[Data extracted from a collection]
====

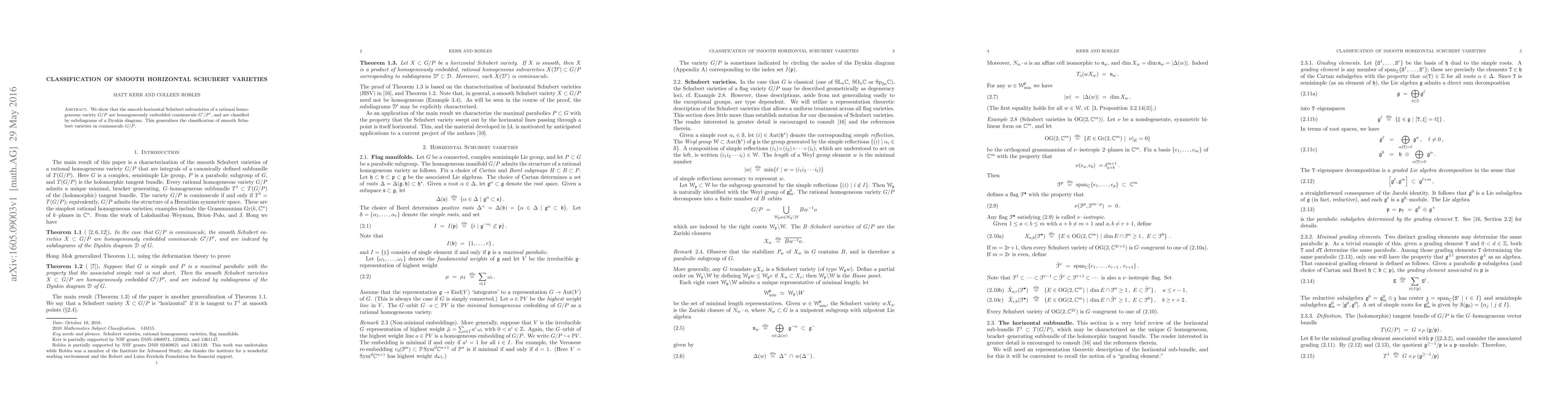 We show that the smooth horizontal Schubert subvarieties of a rational homogeneous variety $G/P$ are homogeneously embedded cominuscule $G'/P'$, and are classified by subdiagrams of a Dynkin diagram. This generalizes the classification of smooth Schubert varieties in cominuscule $G/P$.
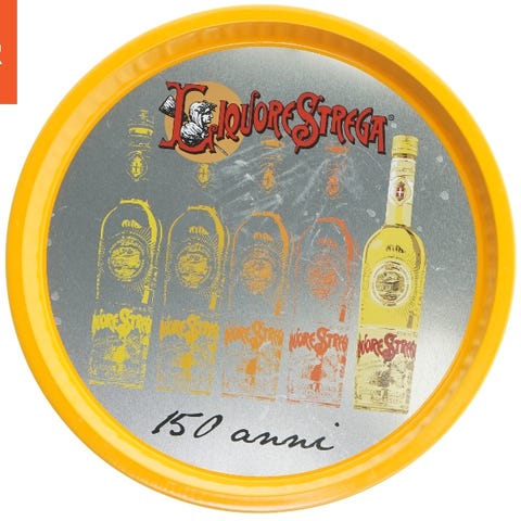 Den viste bakke er en firkantet bakke med en størrelse på 34x34 cm. Den er forsynet med et vintage design, der viser et flaskemotiv med Rhum Negrita rom spiritus og cocktailglas. Bakken ser ud til at være lavet af metal og har en sort kant, der indrammer designet. Bagsiden af bakken har tydelige brugsspor og ridser, hvilket indikerer, at den har været brugt en del. Tagene på bakken, der forestiller en aftenscene med flasker og glas, giver et retro udtryk.
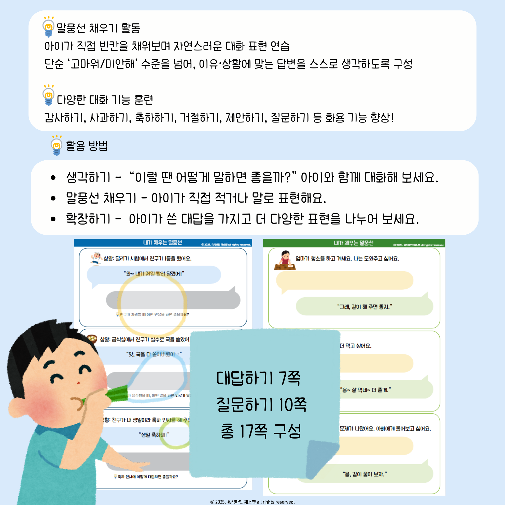 말풍선 채우기 활동을 통해 아이가 직접 빈칸을 채워보며 자연스러운 대화 표현 연습힐 수 있어요!
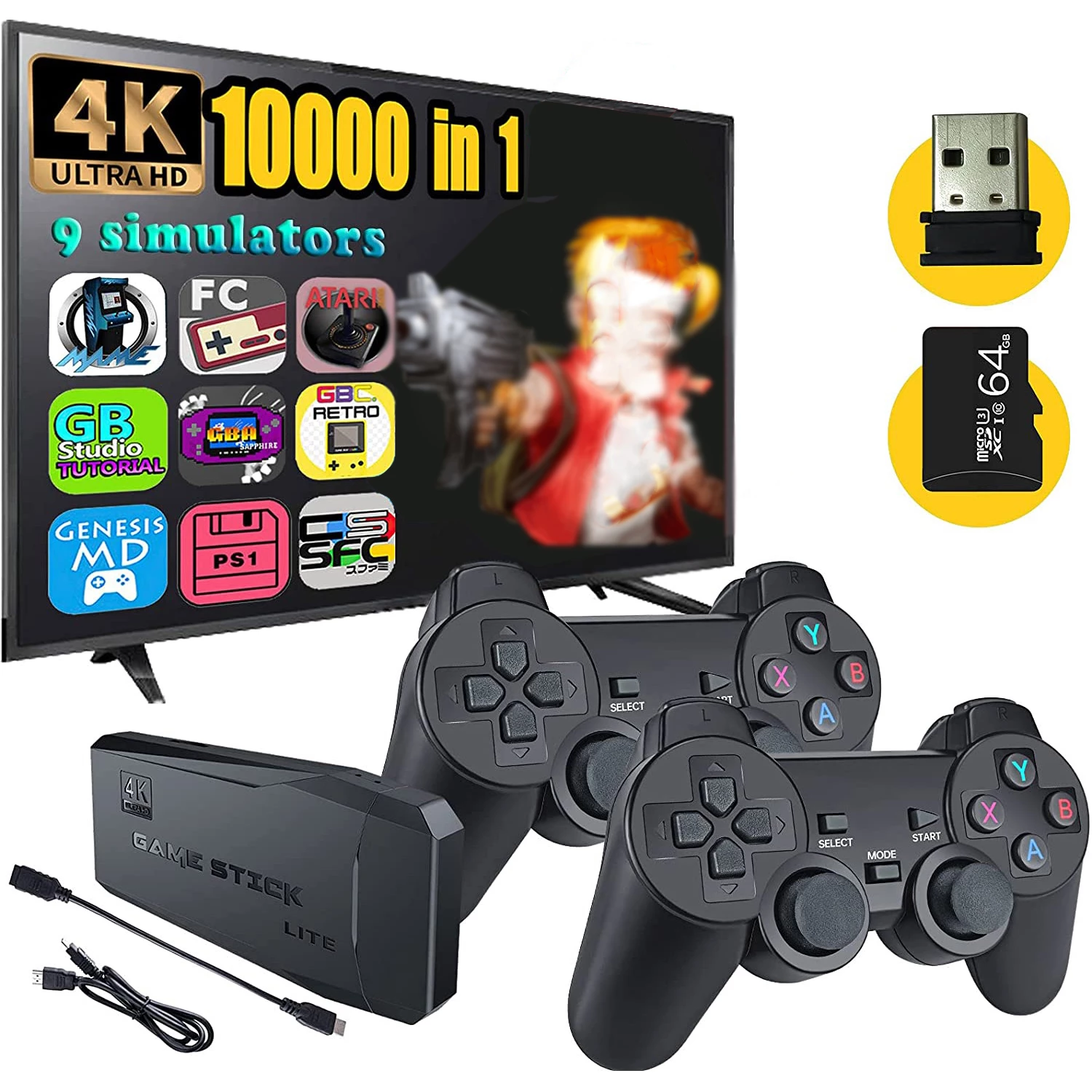 【Upgrated - High Performance Game Chip】Hawiton wireless TV game console built in 10000+ rich games, is pre-install 10 emulators, and pack with 64GB TF card. Not only that, but also use upgraded game chip, more powerful, Support 8-bit, 16-bit, 32-bit, 64-bit, 128-bit and other emulators. Perfectly meet your needs for picture quality and game fluency, must worth the price.
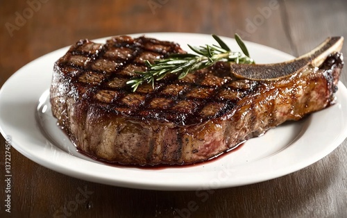 steak, ribeye, grilled, meat, food, dinner, cookery, delicious, epicure, eatery, beef, red meat, protein, rosemary, herb, sauce, appetising, culinary, gastronomy, food photography, high-quality, brown, juicy, closeup, plate, white plate, wooden table, texture, dark background, rich, savoury, flavorful, meal, main course, eating, cook, meat dish
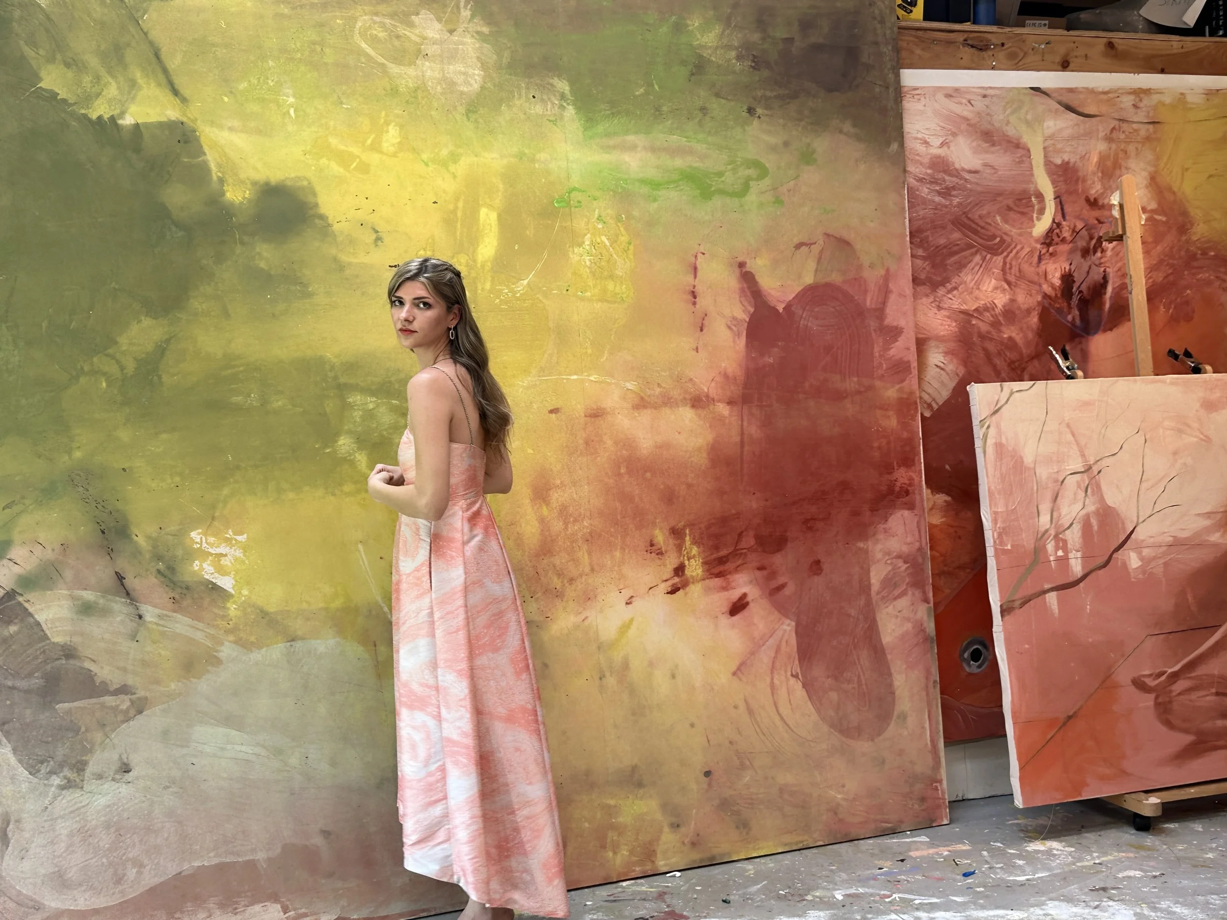 Isadora Capraro (b. 1994, Italy) received a classical art education in Buenos Aires before relocating to the United States. Her large-scale, emotionally charged paintings explore subconscious imagery, personal mythology, and psychological space.
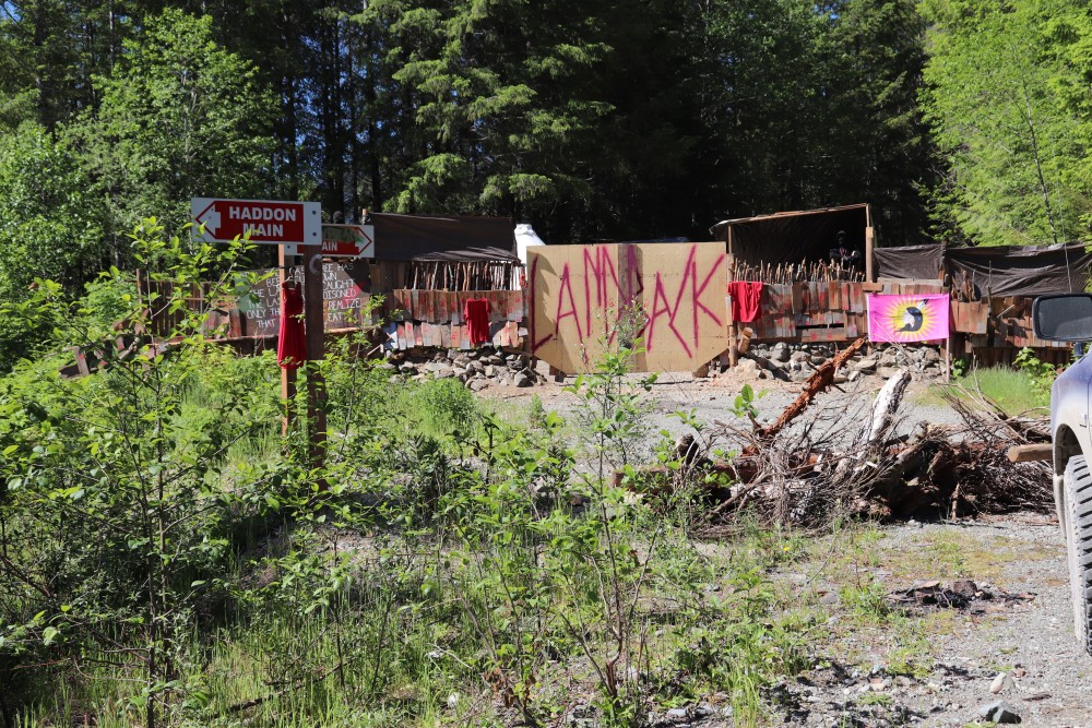 The road they occupy is a spur off Carmanah Main, which now has a set of barricades constructed across the road. The first is made of wood and brambles followed by a more significant structure that appears to be walls made of wood and tarp.
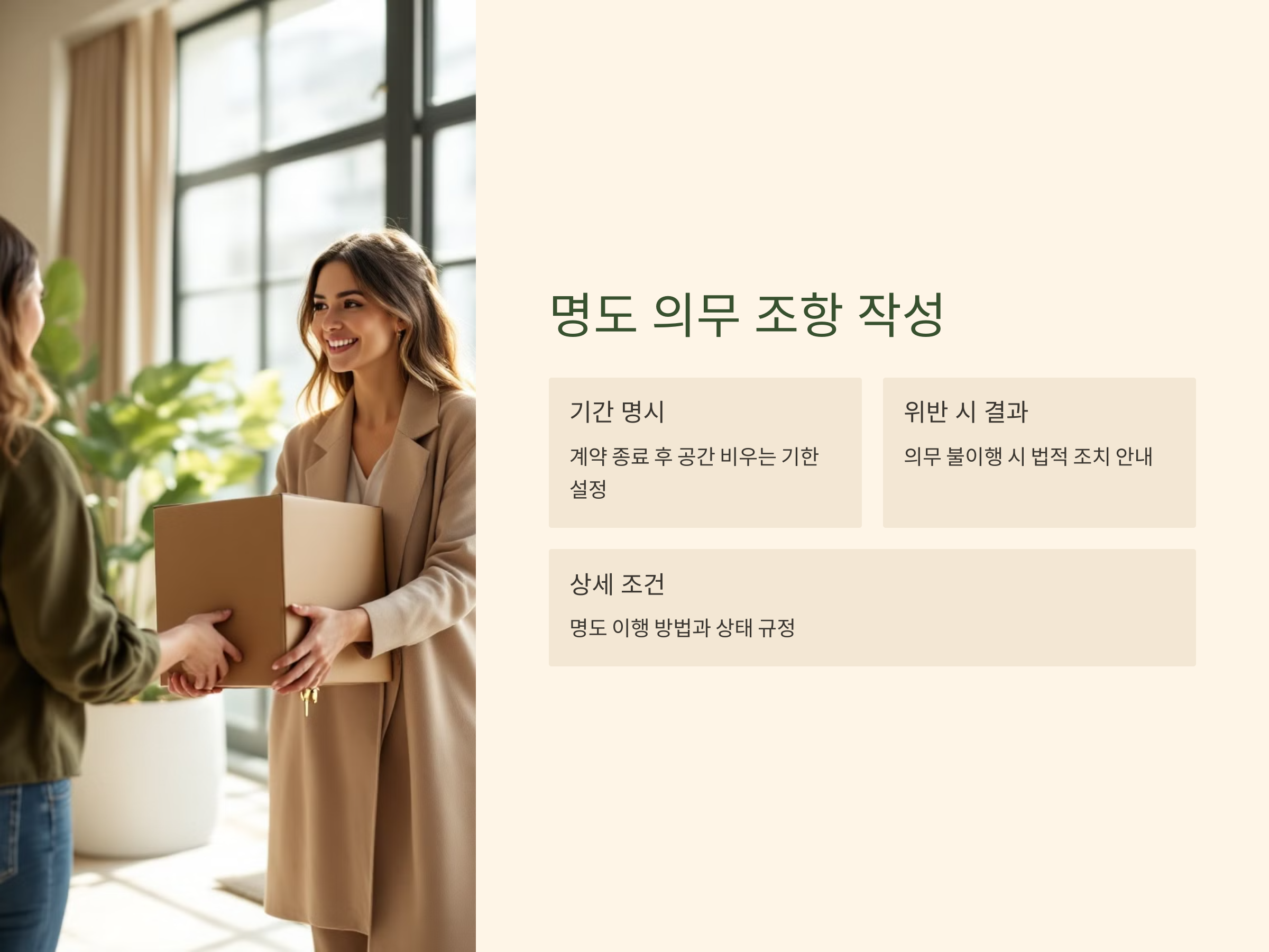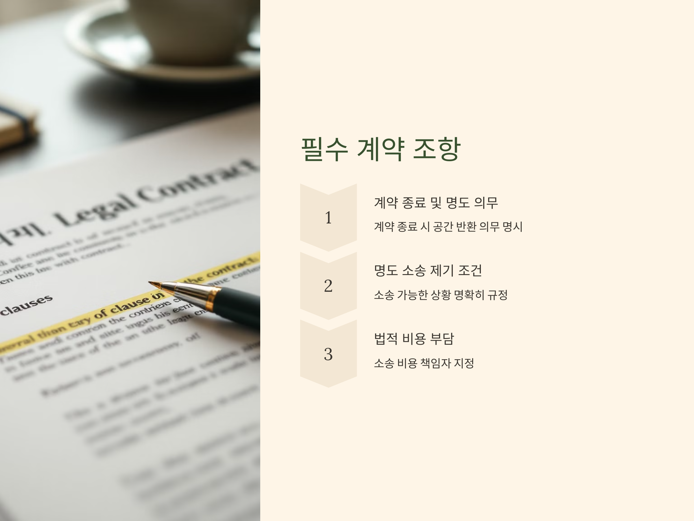 명도 소송 관련 계약서 조항을 작성할 때는 몇 가지 핵심 요소를 반드시 포함해야 합니다. 이를 통해 양측은 명도 소송에 대한 명확한 이해를 바탕으로 계약을 체결할 수 있습니다.

====

▸ Activity
An exact reproduction of the data above is required, with every picture removed.

▸ Output for this exercise
 We show that the smooth horizontal Schubert subvarieties of a rational homogeneous variety $G/P$ are homogeneously embedded cominuscule $G'/P'$, and are classified by subdiagrams of a Dynkin diagram. This generalizes the classification of smooth Schubert varieties in cominuscule $G/P$.
 Den viste bakke er en firkantet bakke med en størrelse på 34x34 cm. Den er forsynet med et vintage design, der viser et flaskemotiv med Rhum Negrita rom spiritus og cocktailglas. Bakken ser ud til at være lavet af metal og har en sort kant, der indrammer designet. Bagsiden af bakken har tydelige brugsspor og ridser, hvilket indikerer, at den har været brugt en del. Tagene på bakken, der forestiller en aftenscene med flasker og glas, giver et retro udtryk.
 말풍선 채우기 활동을 통해 아이가 직접 빈칸을 채워보며 자연스러운 대화 표현 연습힐 수 있어요!
 【Upgrated - High Performance Game Chip】Hawiton wireless TV game console built in 10000+ rich games, is pre-install 10 emulators, and pack with 64GB TF card. Not only that, but also use upgraded game chip, more powerful, Support 8-bit, 16-bit, 32-bit, 64-bit, 128-bit and other emulators. Perfectly meet your needs for picture quality and game fluency, must worth the price.
 steak, ribeye, grilled, meat, food, dinner, cookery, delicious, epicure, eatery, beef, red meat, protein, rosemary, herb, sauce, appetising, culinary, gastronomy, food photography, high-quality, brown, juicy, closeup, plate, white plate, wooden table, texture, dark background, rich, savoury, flavorful, meal, main course, eating, cook, meat dish
 Isadora Capraro (b. 1994, Italy) received a classical art education in Buenos Aires before relocating to the United States. Her large-scale, emotionally charged paintings explore subconscious imagery, personal mythology, and psychological space.
 The road they occupy is a spur off Carmanah Main, which now has a set of barricades constructed across the road. The first is made of wood and brambles followed by a more significant structure that appears to be walls made of wood and tarp.
 명도 소송 관련 계약서 조항을 작성할 때는 몇 가지 핵심 요소를 반드시 포함해야 합니다. 이를 통해 양측은 명도 소송에 대한 명확한 이해를 바탕으로 계약을 체결할 수 있습니다.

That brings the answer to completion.